MCP's standardization creates a different dynamic: tool providers build and maintain a single server, which all MCP clients benefit from immediately. Security improvements propagate to everyone. Performance optimizations are shared. The GitHub MCP server maintained by Anthropic is reviewed by thousands of users, improved by dozens of contributors, and updated promptly when the GitHub API changes.
Ecosystem Momentum
Three dynamics drove rapid adoption after MCP's November 2024 release:
Low implementation barrier.
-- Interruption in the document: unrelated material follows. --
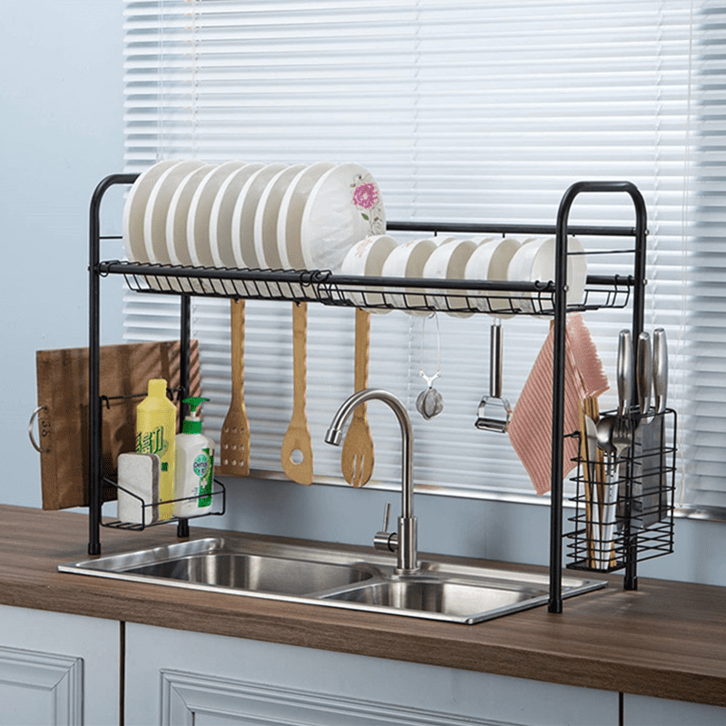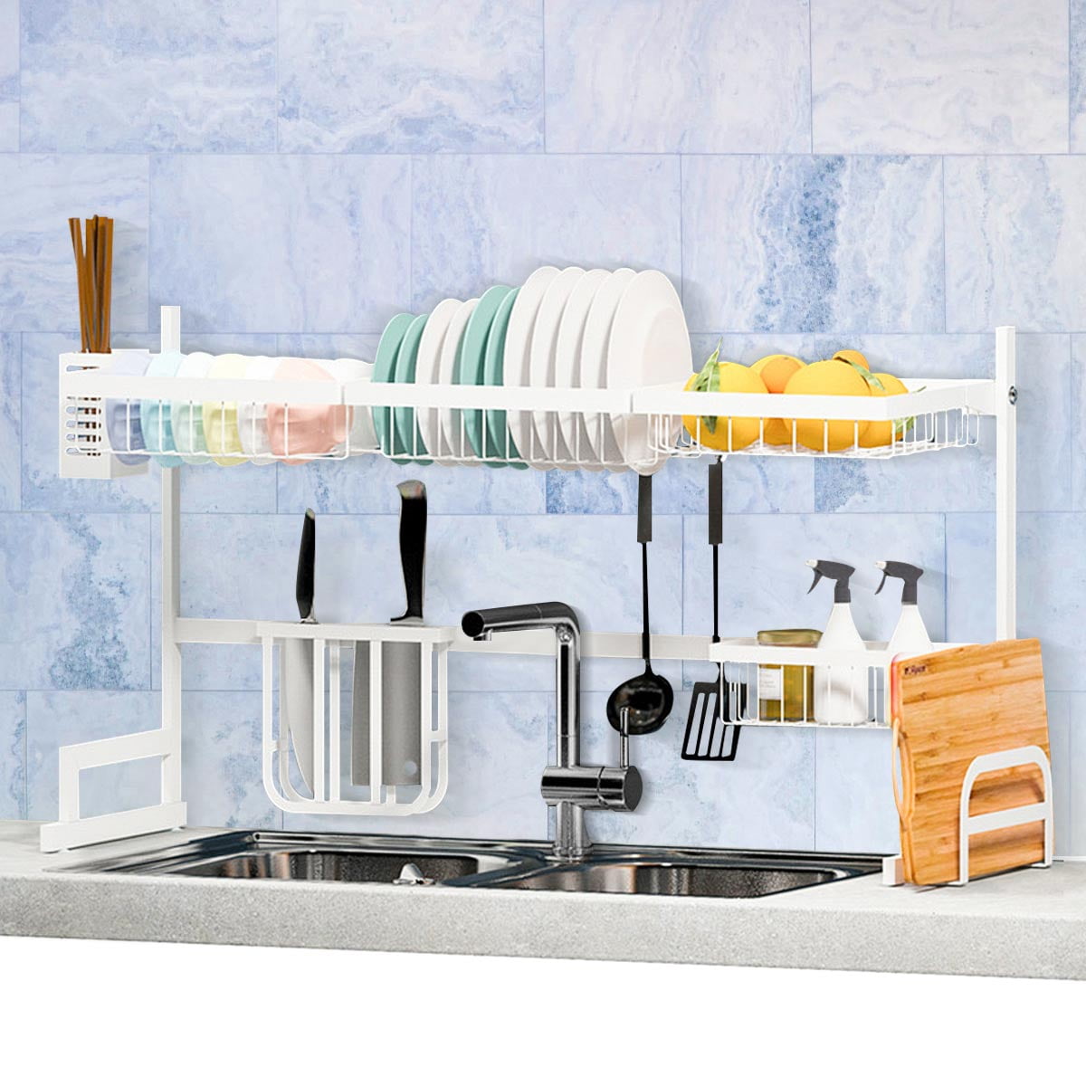 Over Sink Dish Drying Rack Drainer Shelf Stainless Steel ... Red 2-Tier Dish Drying Rack Stainless Steel Drainer Kitchen Storage. Item: 2 Tier Drainer Rack. With this above sink dish drying rack, dishes will dry faster, and you'll have more counter space. Himimi Over The Sink Dish Drying Rack, 2-Tier Dish Drainers for Kitchen Counter Expandable.

Building a basic MCP server is a weekend project. The mcp Python SDK reduces the core implementation to defining tool schemas and handler functions. Within days of the spec release, the community was shipping servers.
High reuse multiplier. Any server created by one developer can be used by every MCP client immediately. Building an MCP server for Notion benefits every Claude Desktop user who uses Notion - without those users needing to do any integration work.
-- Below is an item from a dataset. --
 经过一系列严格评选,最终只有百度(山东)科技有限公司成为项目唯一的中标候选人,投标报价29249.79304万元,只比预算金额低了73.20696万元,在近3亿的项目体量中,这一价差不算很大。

Network effects. As more servers become available, MCP clients become more powerful. As clients become more powerful, more users adopt them. As more users adopt them, more tool providers build servers. The two-sided market feeds itself.
:::tip 🎮 Interactive Playground Visualize this concept: Try the MCP Architecture demo on the EngineersOfAI Playground - no code required. :::
Historical Context
The MCP server ecosystem grew in three phases following the November 2024 specification release.
Phase 1 (November–December 2024): Official launch. Anthropic shipped seven official servers simultaneously with the spec: filesystem, GitHub, Google Drive, Slack, Postgres, Puppeteer, and Brave Search. These served as reference implementations and demonstrated the range of what MCP servers could cover.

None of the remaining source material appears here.